Mac OS X v10.6 Troubleshooting Exam (9L0-062) — $150USD Tests practical knowledge of Mac OS X emphasizing troubleshooting of Mac OS X version 10.6, and applies knowledge of Mac OS X 10.6 toward identifying common Mac OS X issues.
Please note that ACMT certification by itself does not authorize a technician to perform repairs on Apple products.
so you are allowed to do what we all do here every day really
not me , but some here who have no such certificate know much more about OSX snow leopard and intel Mac's then the ones with that certificate
despite i can build hackintoshes running OSX snow leopard so i know a bit about OSX snow leopard , kext's and such
DANGER POST MAY CONTAIN SARCASM
Intelligence does not need Intel inside,
All it needs is good sense outside.
Last edited by MacHamster68; Sep 21, 2011 at 04:20 AM.
|Sep 21, 2011, 04:58 PM||#5|
thanks for the encouragement and concerns everybody. I appreciate the feedback. I'm going to stick with my current plan of getting ACSP certified and see if I want to take it further. In the meantime, I'll think I'll start fiddling around with some not so current/slightly non working macs to try and repair them for my own benefit. any thoughts on jobs I should look out for?
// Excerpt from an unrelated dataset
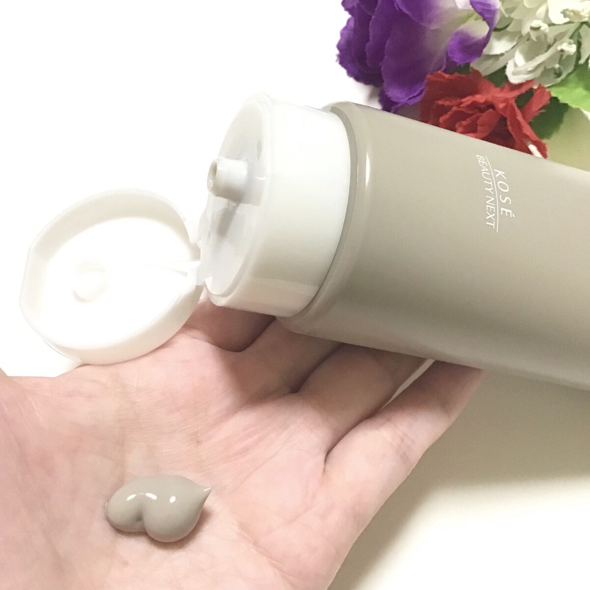 コーセー独自開発のトリートメントシールド成分により、高いフィット力・負担感のなさ・マスク時の化粧もちを叶え、軽やかなタッチで心地く、マスクにもつきにくいという特徴の商品となっています。 SPF50+/PA++++と紫外線防止効果もある点も魅力的に感じました。 手に取り出してみるとみずみずしいテクスチャーのクリームで、スーッと心地のよくのばしていくことのできる伸びの良さを感じました。 しっとりとした負担感のない付け心地で、ある程度伸ばすと、ピタッと肌に密着するようにして馴染み、毛穴や色ムラも目立たずにナチュラルにカバーしてくれ、ツヤ肌を演出してくれる仕上がりになるところも気に入りました。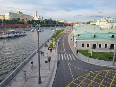 Le quai s'étend le long de la rivière Moskova, reliant la rue Serafimovicha à la rue Balchug entre des demeures historiques.

|Sep 22, 2011, 07:57 PM||#6|
As someone who is still getting into his IT career (going 3yrs now), I just want to mention a couple of things:
1. The number of places that like or require or prefer certifications are the same as those that don't care about them. So while they don't hurt in any way, they don't make the difference in every case and most places want experience above everything.
2. If you want certs, don't bother with A+. I personally would recommend Security+. With all the data and security breaches, I imagine many places are looking to beef up their security. Java and VMware may also be useful.